- [Activity] Return only the lines below starting at the line containing "Ohuhu 22 Inch" and ending at the line containing "VitaWorks, Kids, Elderberry, Vitamin", both included, exactly as they are and with no pictures.

⟨

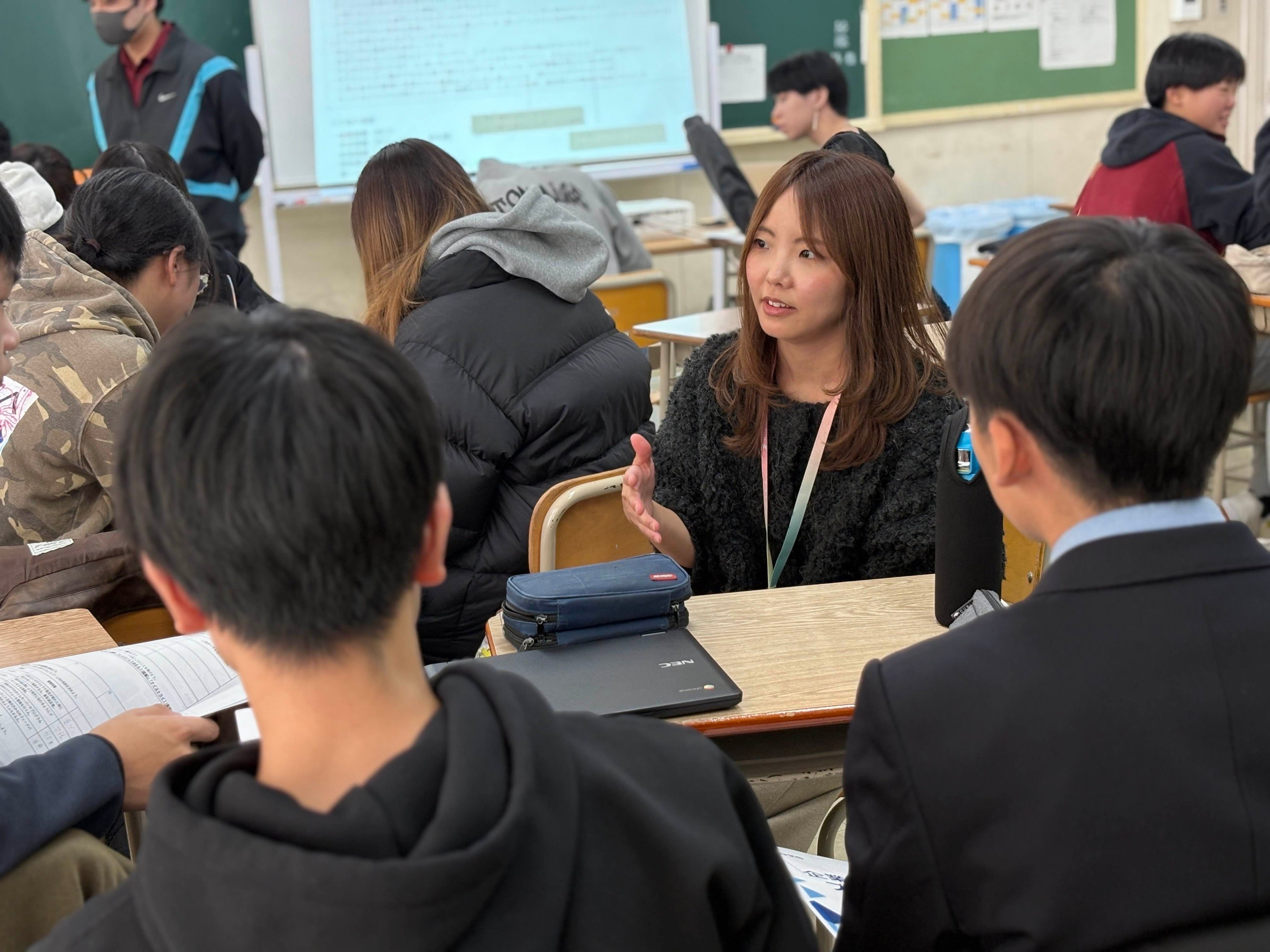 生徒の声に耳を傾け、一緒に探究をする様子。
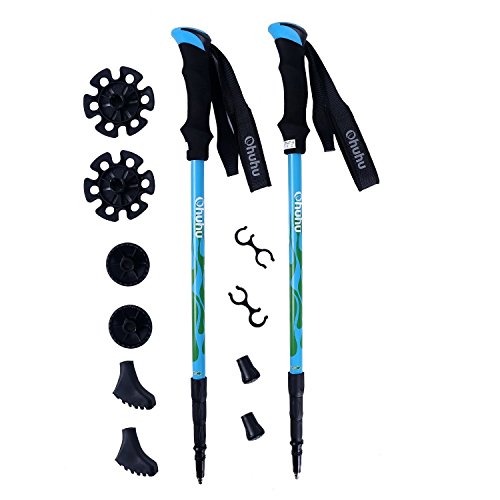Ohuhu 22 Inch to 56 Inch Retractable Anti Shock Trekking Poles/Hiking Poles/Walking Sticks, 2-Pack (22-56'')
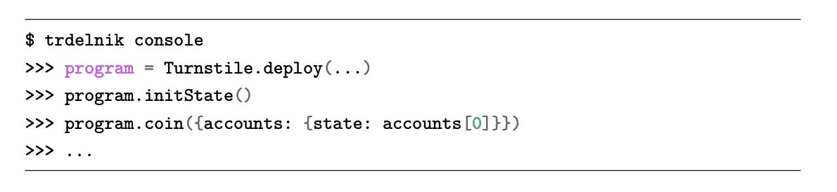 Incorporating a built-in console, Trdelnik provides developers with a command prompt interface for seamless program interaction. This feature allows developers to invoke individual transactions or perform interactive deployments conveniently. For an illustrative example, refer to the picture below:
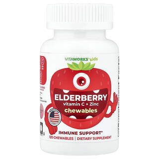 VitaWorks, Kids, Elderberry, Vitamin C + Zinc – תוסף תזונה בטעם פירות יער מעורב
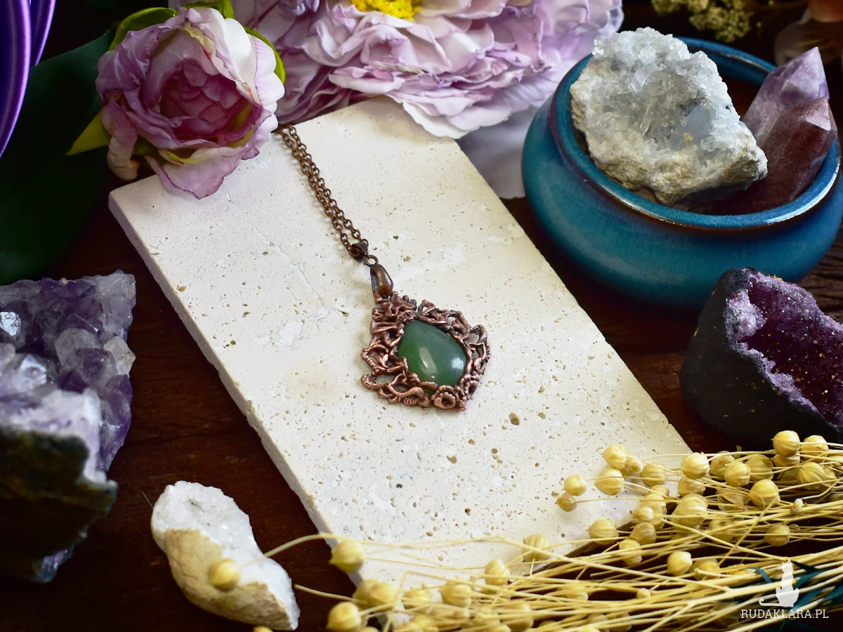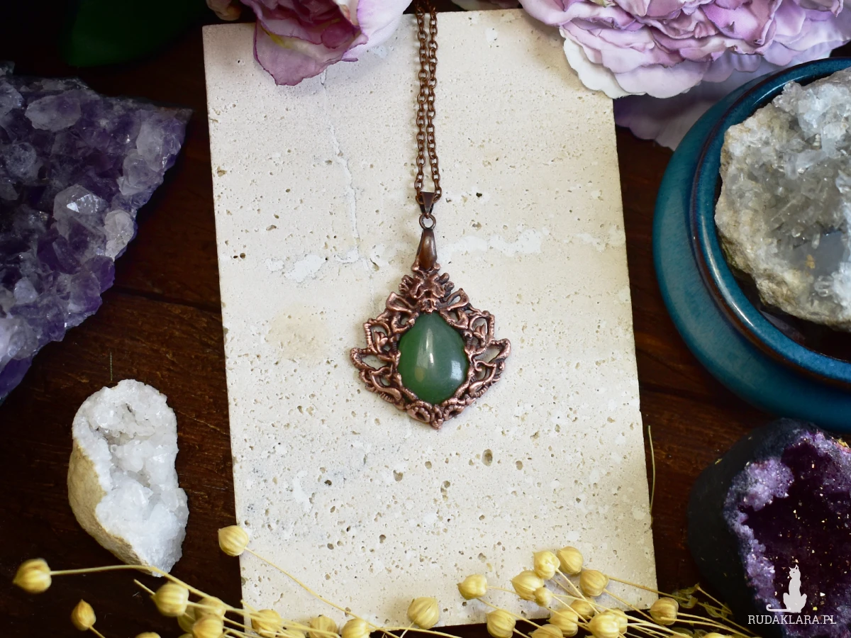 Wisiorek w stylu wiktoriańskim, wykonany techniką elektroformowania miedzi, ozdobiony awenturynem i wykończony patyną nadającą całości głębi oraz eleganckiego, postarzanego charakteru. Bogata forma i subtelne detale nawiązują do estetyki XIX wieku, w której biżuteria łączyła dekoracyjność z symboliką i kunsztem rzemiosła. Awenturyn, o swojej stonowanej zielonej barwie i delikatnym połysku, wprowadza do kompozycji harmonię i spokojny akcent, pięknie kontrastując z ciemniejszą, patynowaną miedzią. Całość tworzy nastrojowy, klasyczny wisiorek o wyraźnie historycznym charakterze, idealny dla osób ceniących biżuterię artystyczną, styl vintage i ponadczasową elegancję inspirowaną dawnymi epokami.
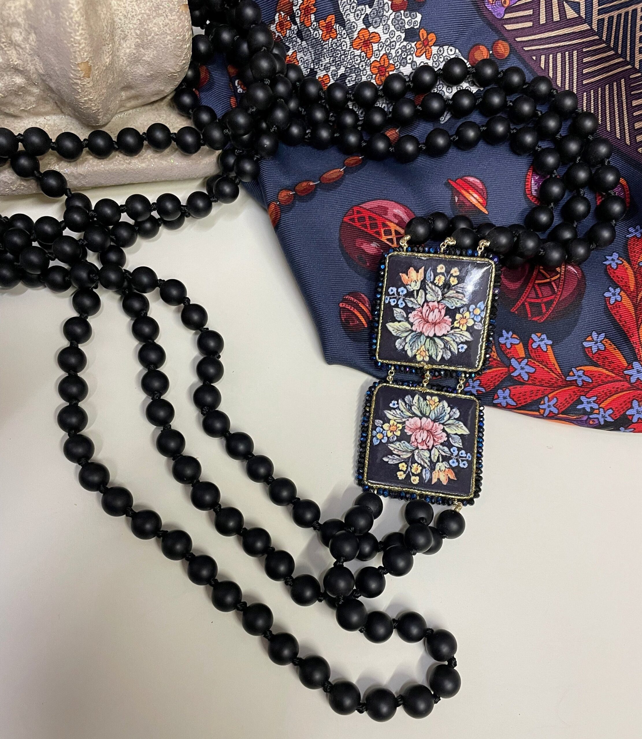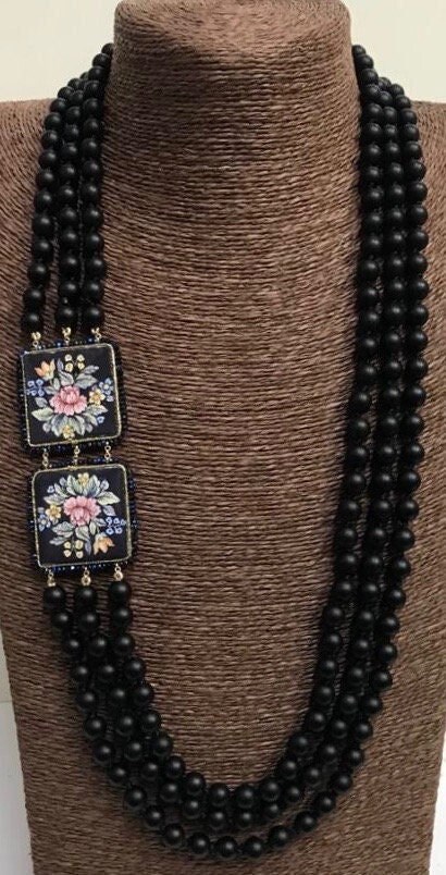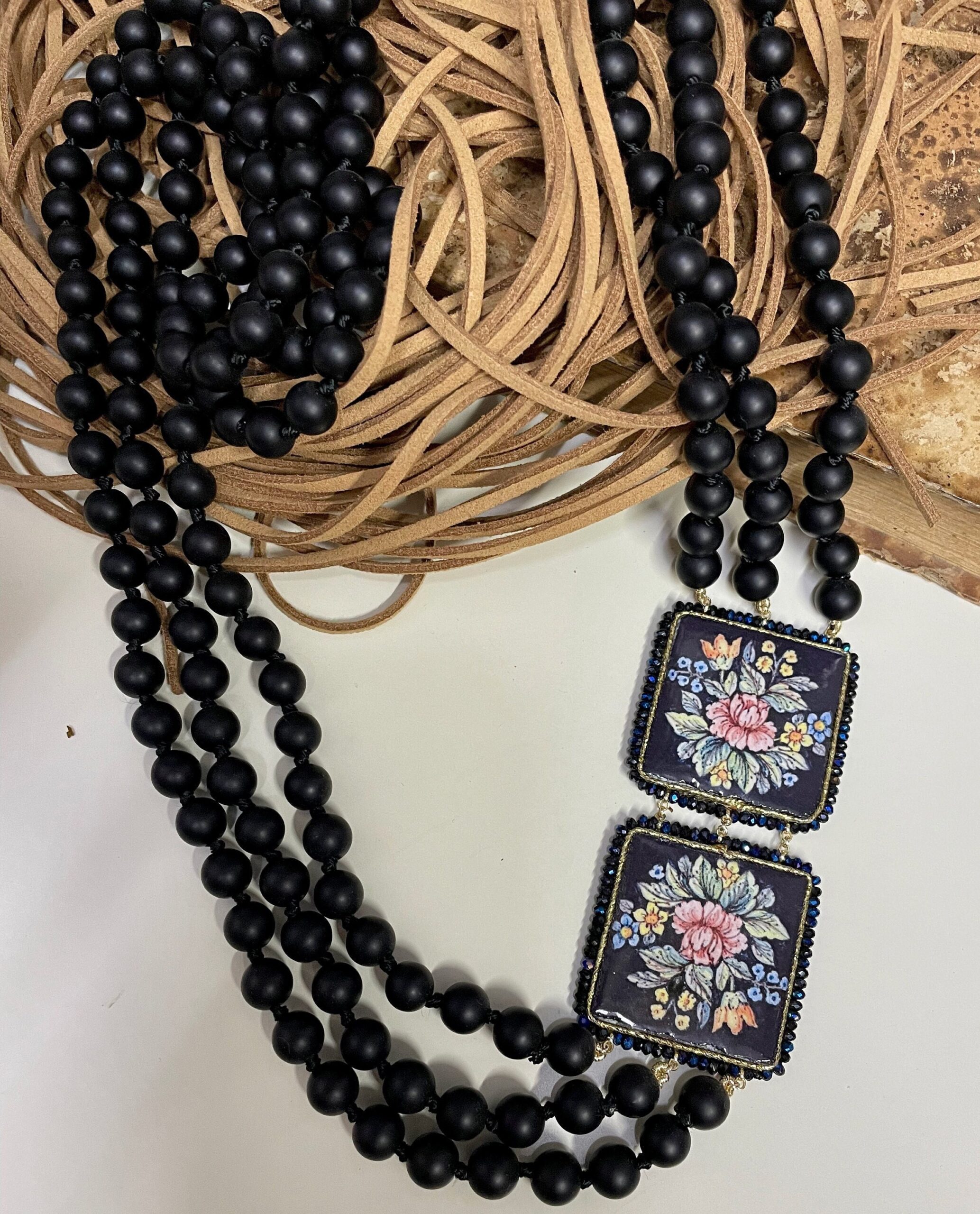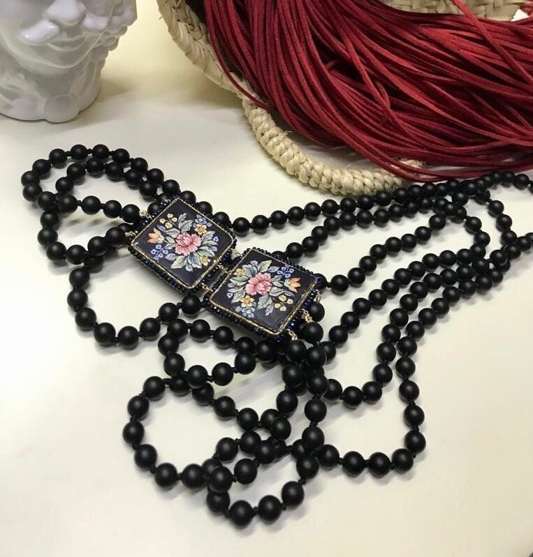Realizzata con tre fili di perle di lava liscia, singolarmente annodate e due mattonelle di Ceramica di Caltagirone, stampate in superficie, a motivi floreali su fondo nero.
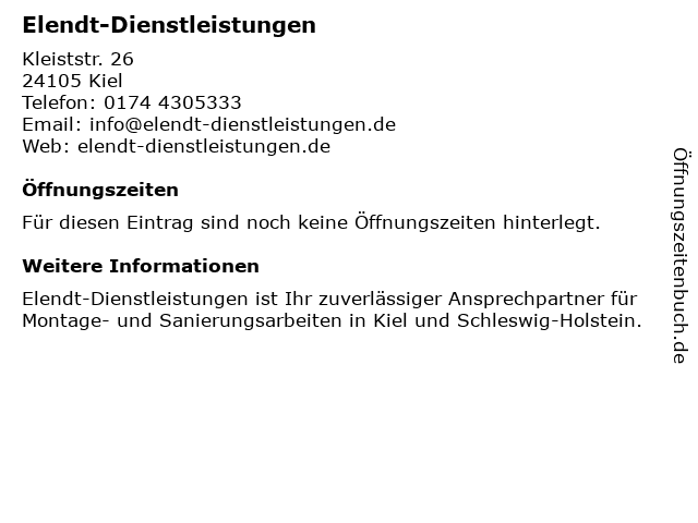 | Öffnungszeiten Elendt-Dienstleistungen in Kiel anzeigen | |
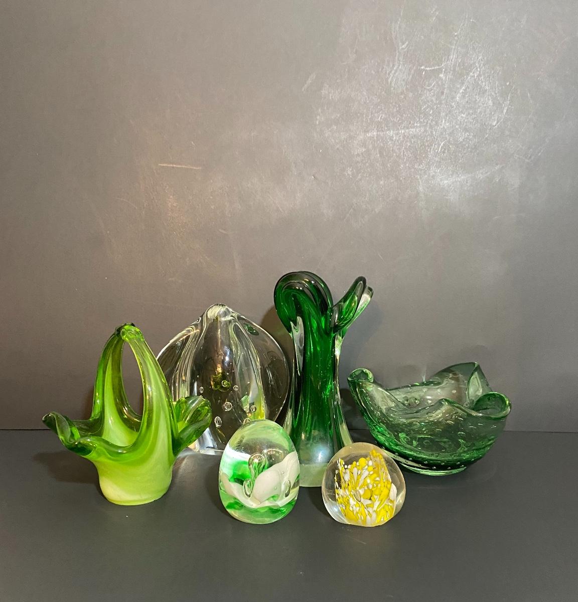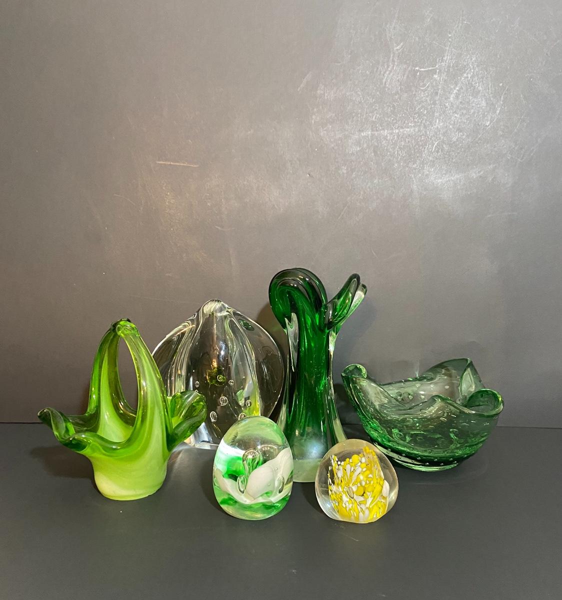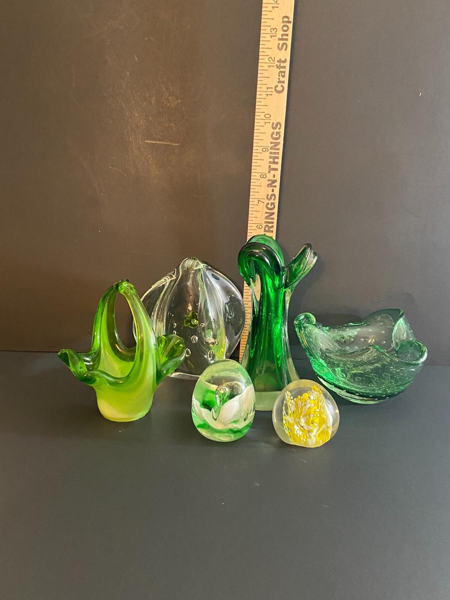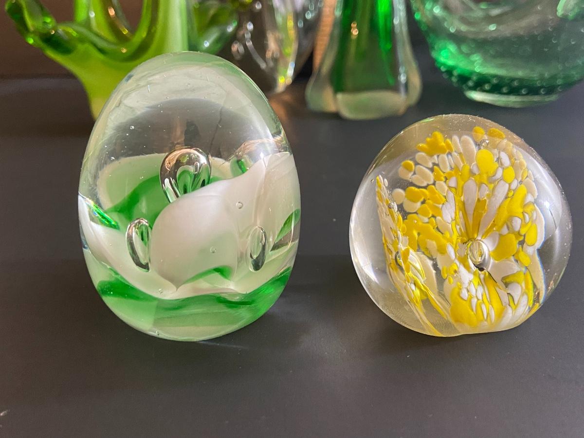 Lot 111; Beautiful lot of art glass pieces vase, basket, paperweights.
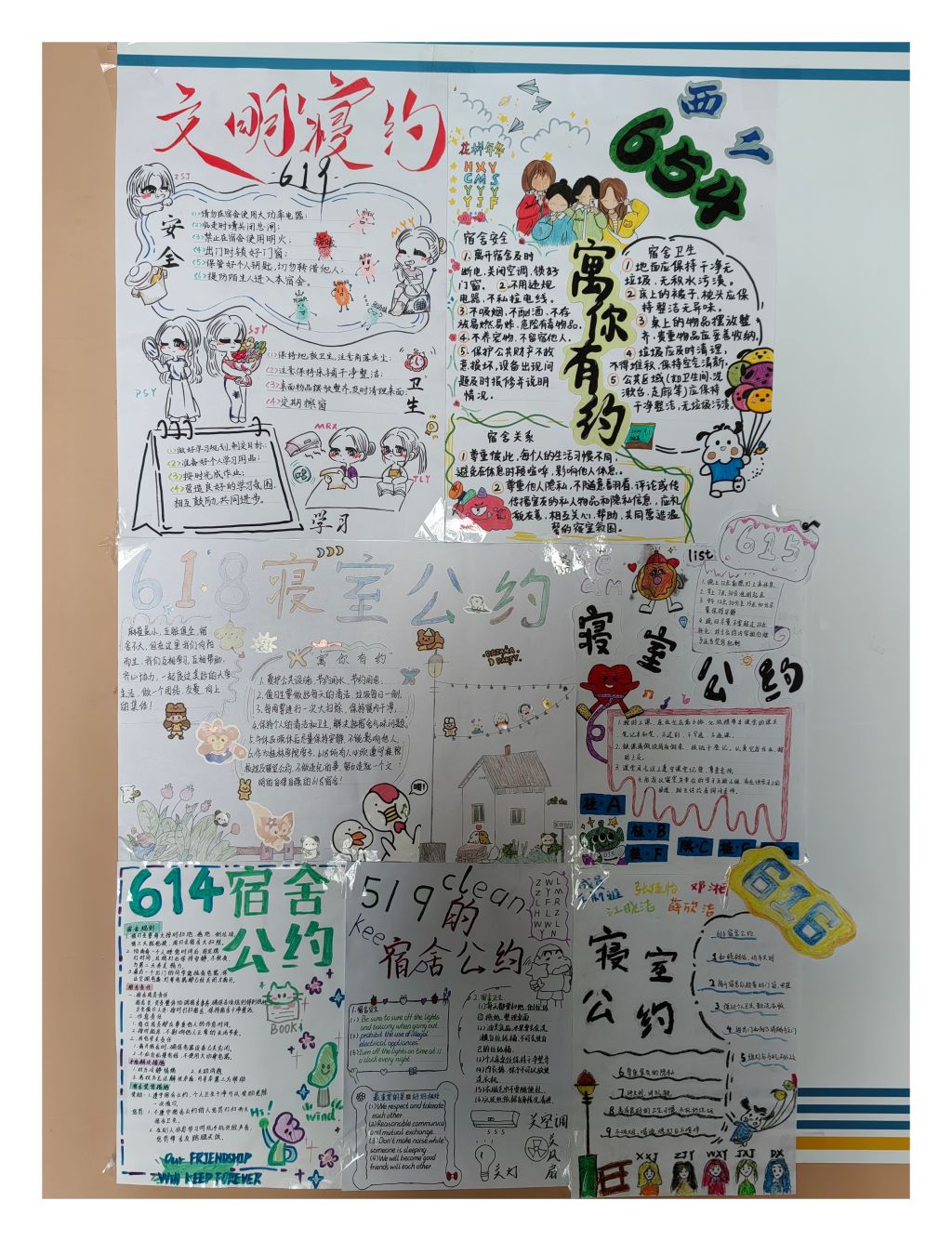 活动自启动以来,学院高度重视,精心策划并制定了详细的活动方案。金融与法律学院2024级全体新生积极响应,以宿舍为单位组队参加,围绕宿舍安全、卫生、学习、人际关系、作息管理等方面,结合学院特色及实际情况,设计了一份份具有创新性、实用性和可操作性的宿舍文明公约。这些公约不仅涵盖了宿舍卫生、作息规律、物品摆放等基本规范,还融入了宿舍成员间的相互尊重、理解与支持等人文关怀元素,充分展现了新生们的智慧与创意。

⟩

- [Finished exercise]
Ohuhu 22 Inch to 56 Inch Retractable Anti Shock Trekking Poles/Hiking Poles/Walking Sticks, 2-Pack (22-56'')
 Incorporating a built-in console, Trdelnik provides developers with a command prompt interface for seamless program interaction. This feature allows developers to invoke individual transactions or perform interactive deployments conveniently. For an illustrative example, refer to the picture below:
 VitaWorks, Kids, Elderberry, Vitamin C + Zinc – תוסף תזונה בטעם פירות יער מעורב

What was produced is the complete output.